▸ **What to do**
Please reproduce the lines of the records below from the one holding "Women’s Shirt Blouse" through the one holding "Elevate your winter", inclusive, skipping all pictures.
[Excerpted data Boundary: Start]
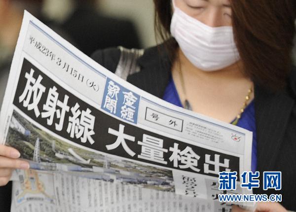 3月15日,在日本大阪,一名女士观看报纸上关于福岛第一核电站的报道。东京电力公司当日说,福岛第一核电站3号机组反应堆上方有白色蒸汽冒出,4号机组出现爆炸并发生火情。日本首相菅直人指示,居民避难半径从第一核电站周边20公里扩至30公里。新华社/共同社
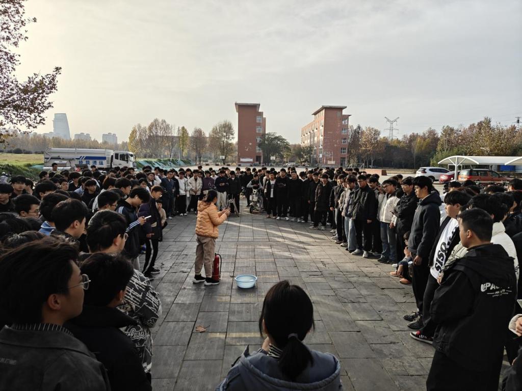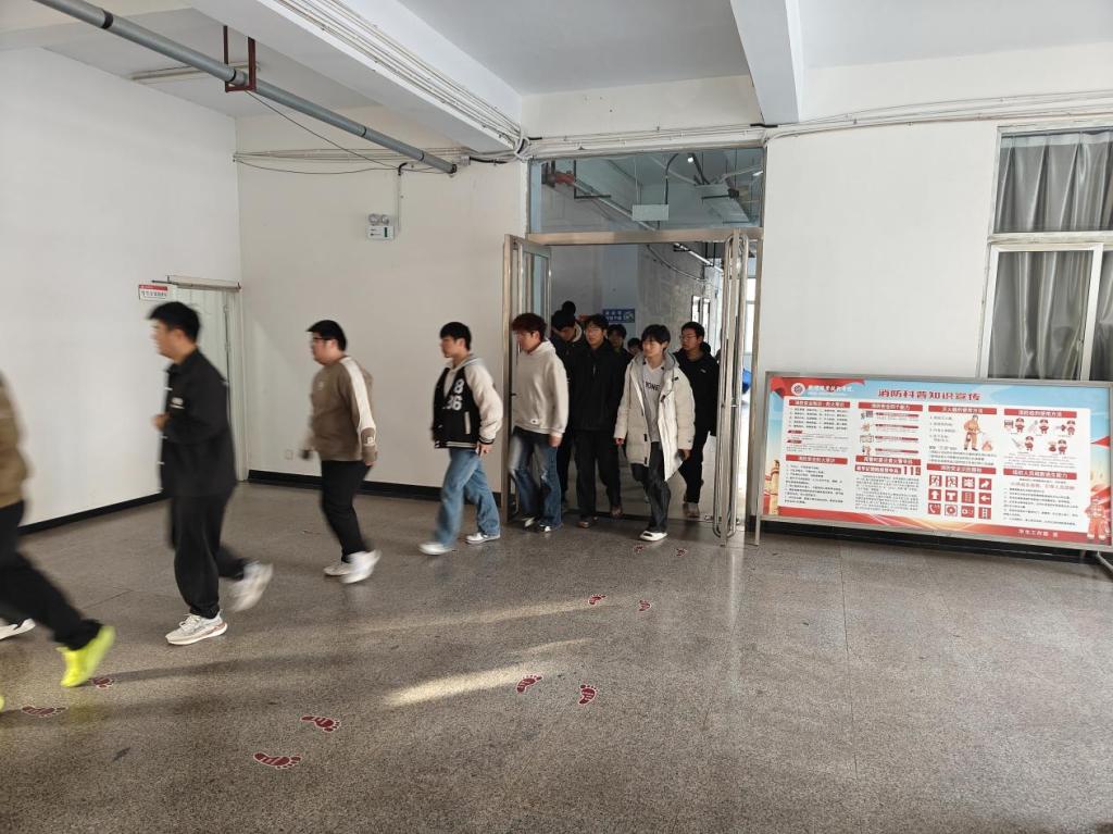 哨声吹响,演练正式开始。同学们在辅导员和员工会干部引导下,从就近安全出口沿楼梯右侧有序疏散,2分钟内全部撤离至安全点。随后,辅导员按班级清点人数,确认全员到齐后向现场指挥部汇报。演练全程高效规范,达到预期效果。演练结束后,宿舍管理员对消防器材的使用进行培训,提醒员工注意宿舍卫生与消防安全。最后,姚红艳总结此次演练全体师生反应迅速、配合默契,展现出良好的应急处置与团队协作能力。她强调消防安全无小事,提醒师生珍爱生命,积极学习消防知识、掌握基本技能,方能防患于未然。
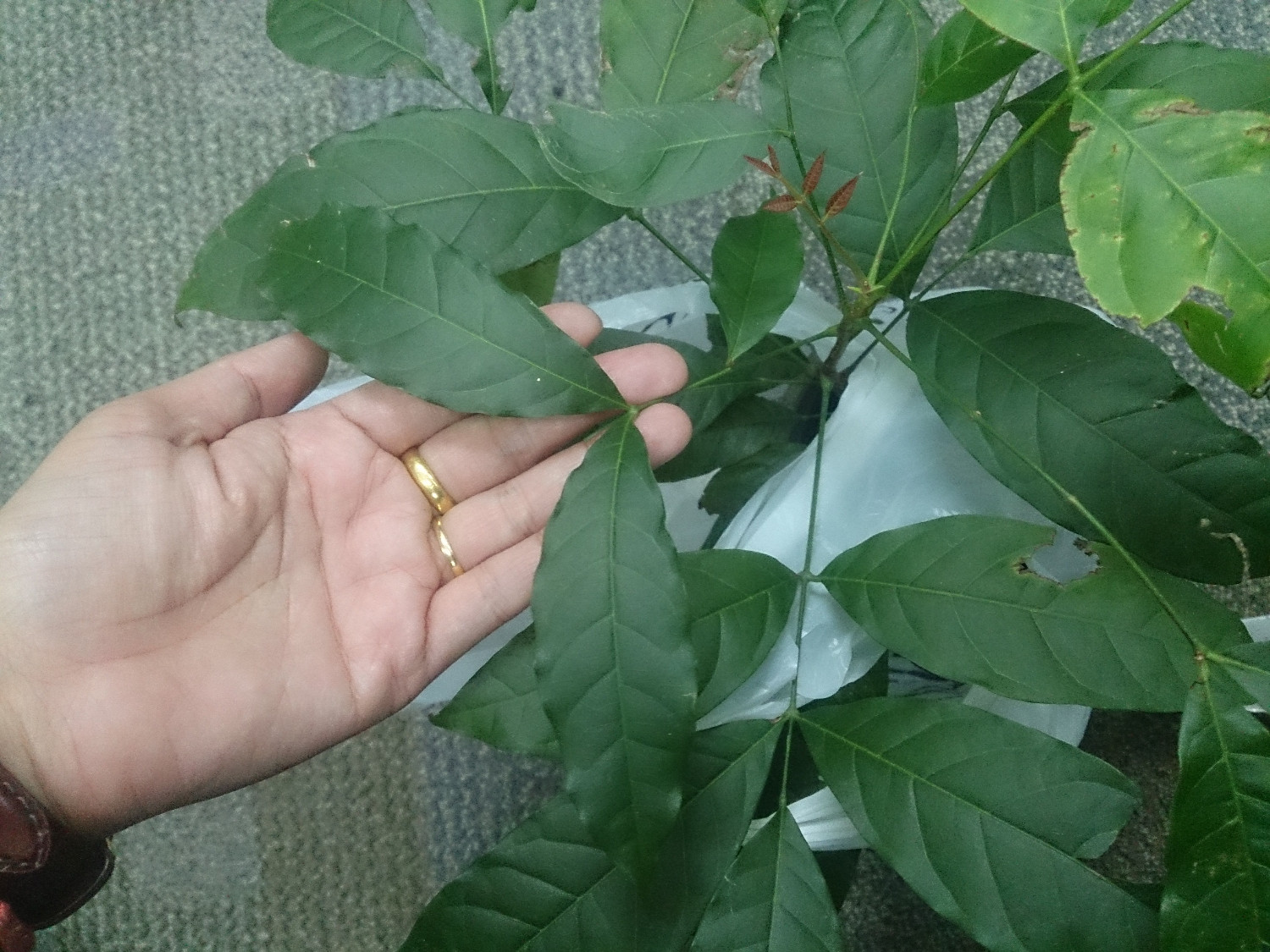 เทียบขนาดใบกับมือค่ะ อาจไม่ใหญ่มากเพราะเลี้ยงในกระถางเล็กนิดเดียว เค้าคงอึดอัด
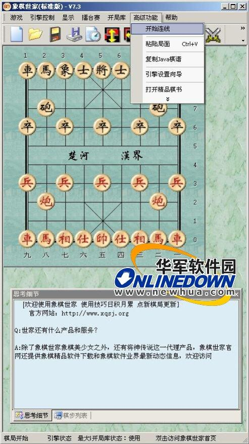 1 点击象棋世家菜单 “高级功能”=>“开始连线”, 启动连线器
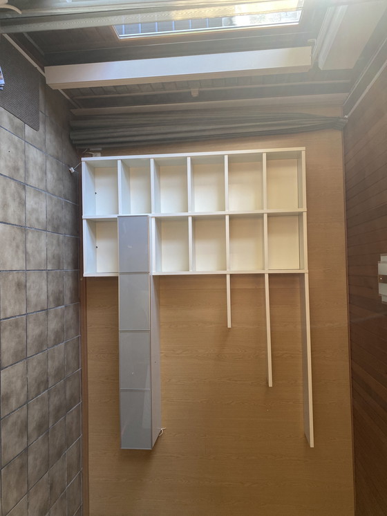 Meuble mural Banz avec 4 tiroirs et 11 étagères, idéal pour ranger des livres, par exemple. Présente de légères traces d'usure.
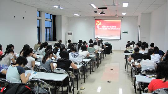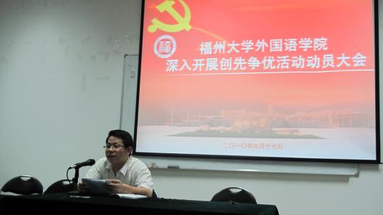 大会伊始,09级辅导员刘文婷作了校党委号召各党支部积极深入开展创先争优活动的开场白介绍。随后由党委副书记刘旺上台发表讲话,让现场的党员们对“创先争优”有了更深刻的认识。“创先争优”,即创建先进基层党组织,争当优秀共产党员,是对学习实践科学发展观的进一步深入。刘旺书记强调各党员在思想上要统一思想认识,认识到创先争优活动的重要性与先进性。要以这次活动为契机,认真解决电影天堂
[Excerpted data Boundary: End]
[Excerpted data Boundary: Start]
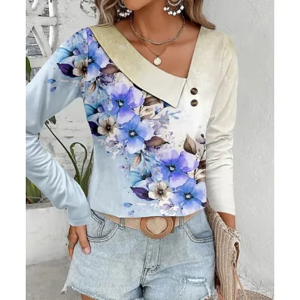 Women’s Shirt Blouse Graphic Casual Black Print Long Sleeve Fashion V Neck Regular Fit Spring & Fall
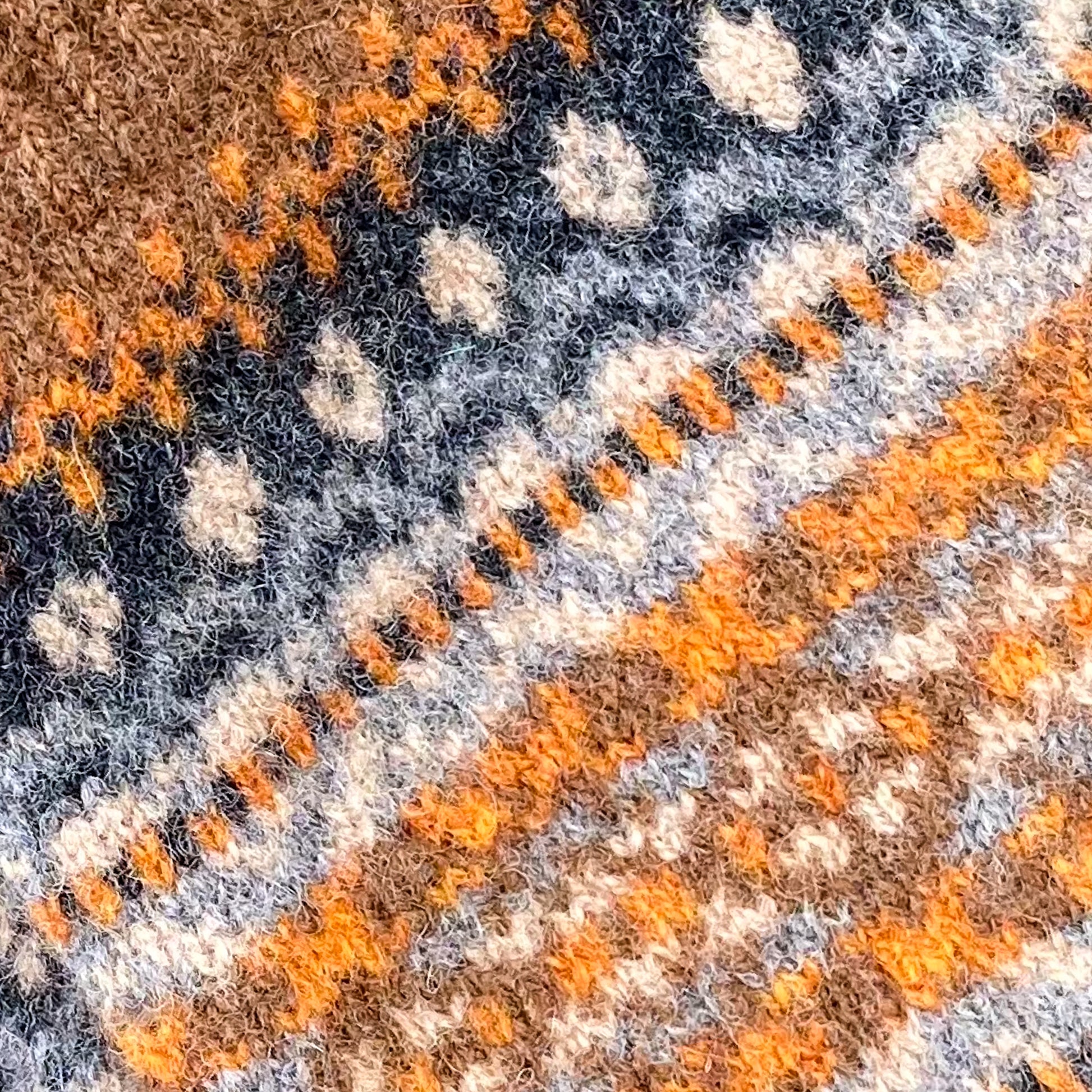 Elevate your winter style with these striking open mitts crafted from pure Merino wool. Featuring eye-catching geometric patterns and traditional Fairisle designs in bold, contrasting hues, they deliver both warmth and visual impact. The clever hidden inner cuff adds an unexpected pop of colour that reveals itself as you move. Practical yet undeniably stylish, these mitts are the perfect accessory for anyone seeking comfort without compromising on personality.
[Excerpted data Boundary: End]
[Excerpted data Boundary: Start]
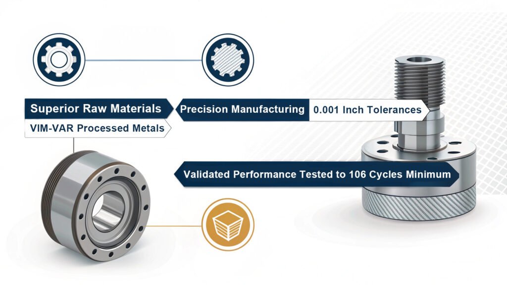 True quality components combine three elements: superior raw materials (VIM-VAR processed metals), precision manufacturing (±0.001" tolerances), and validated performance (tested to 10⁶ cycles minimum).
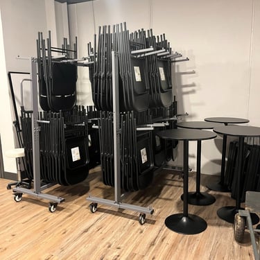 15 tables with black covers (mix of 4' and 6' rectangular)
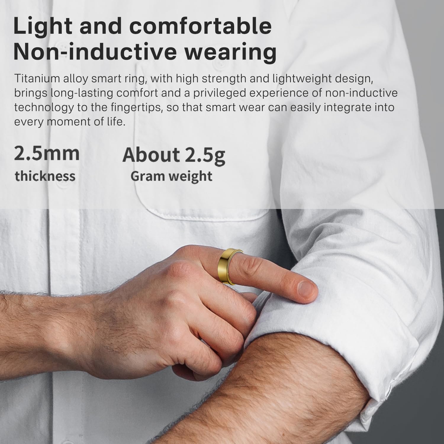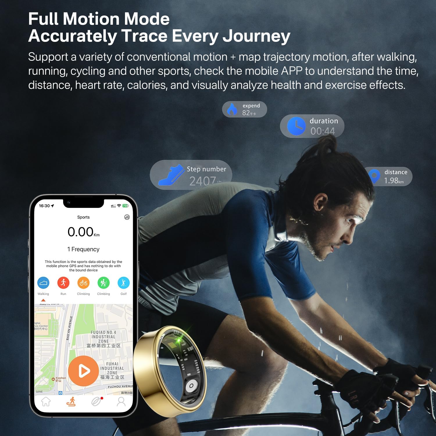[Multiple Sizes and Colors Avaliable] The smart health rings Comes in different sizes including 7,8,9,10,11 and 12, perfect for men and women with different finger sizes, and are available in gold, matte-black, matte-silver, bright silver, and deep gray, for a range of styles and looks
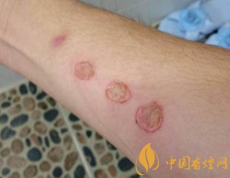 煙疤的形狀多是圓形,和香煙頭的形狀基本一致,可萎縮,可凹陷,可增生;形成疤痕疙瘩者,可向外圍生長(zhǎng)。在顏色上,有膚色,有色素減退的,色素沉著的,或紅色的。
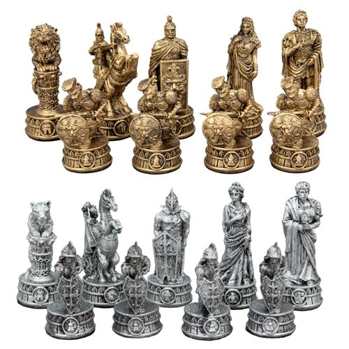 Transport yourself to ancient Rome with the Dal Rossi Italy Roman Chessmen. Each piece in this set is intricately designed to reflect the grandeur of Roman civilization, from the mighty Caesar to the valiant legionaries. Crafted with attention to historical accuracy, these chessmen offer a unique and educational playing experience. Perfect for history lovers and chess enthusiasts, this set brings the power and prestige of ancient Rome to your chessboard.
[Excerpted data Boundary: End]
▸ **Exercise solution**
 Women’s Shirt Blouse Graphic Casual Black Print Long Sleeve Fashion V Neck Regular Fit Spring & Fall
 Elevate your winter style with these striking open mitts crafted from pure Merino wool. Featuring eye-catching geometric patterns and traditional Fairisle designs in bold, contrasting hues, they deliver both warmth and visual impact. The clever hidden inner cuff adds an unexpected pop of colour that reveals itself as you move. Practical yet undeniably stylish, these mitts are the perfect accessory for anyone seeking comfort without compromising on personality.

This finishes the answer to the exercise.